You can choose from these baselines:

  • Clients Affected By Failures
  • Clients Affected By Poor Performance
  • AAA, DHCP, DNS, or Application Latency

If you select Any for any field, then the average latency for the specified combination is considered when compared against the threshold value.

  1. To specify the alert notification methods, select the Email, Display, or Syslog check boxes.
  2. Click Save.

You can generate an alert when a network performance baseline exceeds the threshold.

To configure a baseline alert:

  1. Select Configure > Alerts.
  2. Select the location where you want to configure the alert.
  3. In the Select Alert Category section, select Wi-Fi > Baseline.
  4. To add an alert, click .
  5. Select the baseline type, SSID, and frequency band, and configure the latency threshold. When the baseline for the specified SSID and frequency band exceeds the configured threshold, the alert is generated. If you select Any for the SSID or frequency band, then the overall baseline for all SSID and frequency bands is considered when compared against the threshold value.
  6. To specify the alert notification methods, select the Email, Display, or Syslog check boxes.
  7. Click Save.

You can generate alerts when client connectivity test schedules fail to execute.

To configure a client connectivity test alert:

  1. Select Configure > Alerts.
  2. Select the location where you want to configure the alert.
  3. In the Select Alert Category section, select Wi-Fi > Client Connectivity Test.
  4. To add an alert, click .
  5. From the Scheduled client connectivity test for [x] schedule fails drop-down list, select a test profile name, or select Any for all client connectivity test profiles.

If the scheduled test for any of the test profiles fails to start, an alert is generated. You can configure only one alert for each test profile at a location. If you configure an alert for any test profile, then you cannot configure any more Client Connectivity Test alerts at the selected location.

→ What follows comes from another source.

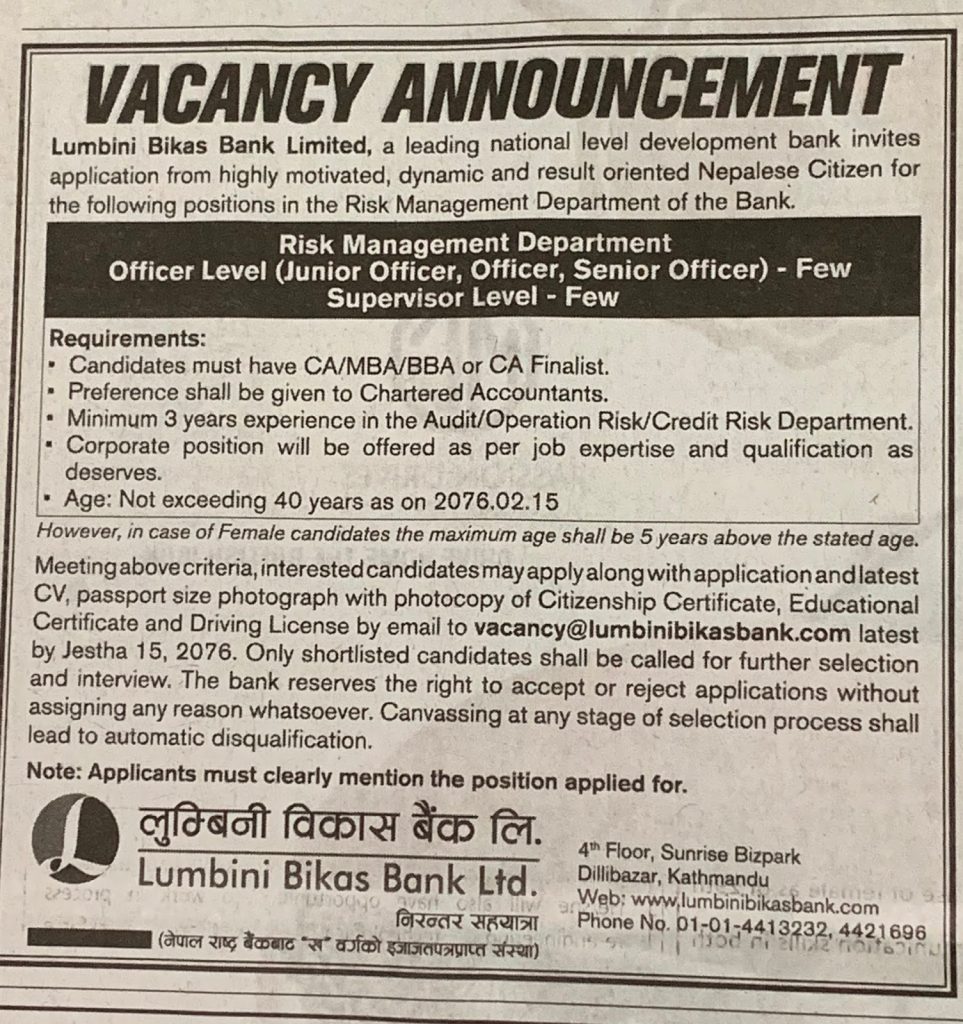 लुम्बिनी विकास बैंकले विभिन्न पदका लागि कर्मचारीको माग गरेको छ । बैंकले रिक्स म्यानेजमेन्ट डिपार्टका लागि केही र सुपर भाईजर लेभलका लागि केही कर्मचारीको माग गरेको हो ।

  1. To specify the alert notification methods, select the Email, Display, or Syslog check boxes.
  2. Click Save.

To configure a Server alert:

  1. Select Configure > Alerts.
  2. Select the location where you want to configure the alert.
  3. In the Select Alert Category section, select System > Server.
  4. Configure an alert.
  5. To specify the alert notification methods, select the Email, Display, or Syslog check boxes.
  6. Click Save.

To configure an AP/Sensor alert:

  1. Select Configure > Alerts.
  2. Select the location where you want to configure the alert.
  3. In the Select Alert Category section, select System > AP/Sensor.
  4. Configure an alert.
  5. To specify the alert notification methods, select the Email, Display, or Syslog check boxes.
  6. Click Save.

To configure WIPS alerts:

  1. Select System > Alerts.
  2. Select the location where you want to configure the alert.
  3. In the Select Alert Category section, select WIPS, then select a sub-category.
  4. Configure an alert.
  5. To specify the alert notification methods, select the Email, Display, or Syslog check boxes.
  6. Click Save.

Download Alerts

To download and view a full list of alerts that Wi-Fi Cloud generates:

  1. Select Configure > Alerts.
  2. Click Download Alerts.

The list of alerts is downloaded in tab-separated value format.

Auto Deletion of Alerts

You can configure how long to store alerts before an alert is automatically deleted.

To configure the auto-deletion settings for alerts in Discover:

  1. Select Configure > Alerts, then click Auto Deletion on the top-right corner of the page.

Screen shot of the Auto Deletion settings for alerts in Discover

  1. In the Number of Security Alerts text box, select the number of security alerts to retain on the server from 0 to 80000. The default is 80000.
  2. In the Number of System Alerts text box, select the number of system alerts to retain on the server from 0 to 2000. The default is 2000.
  3. In the Retain alerts for text box, specify the duration for which alerts are retained on the server from 0 to 180 days. The default is 90 days.
  4. Click Save.

Click Restore Defaults to set the auto deletion options to the default settings.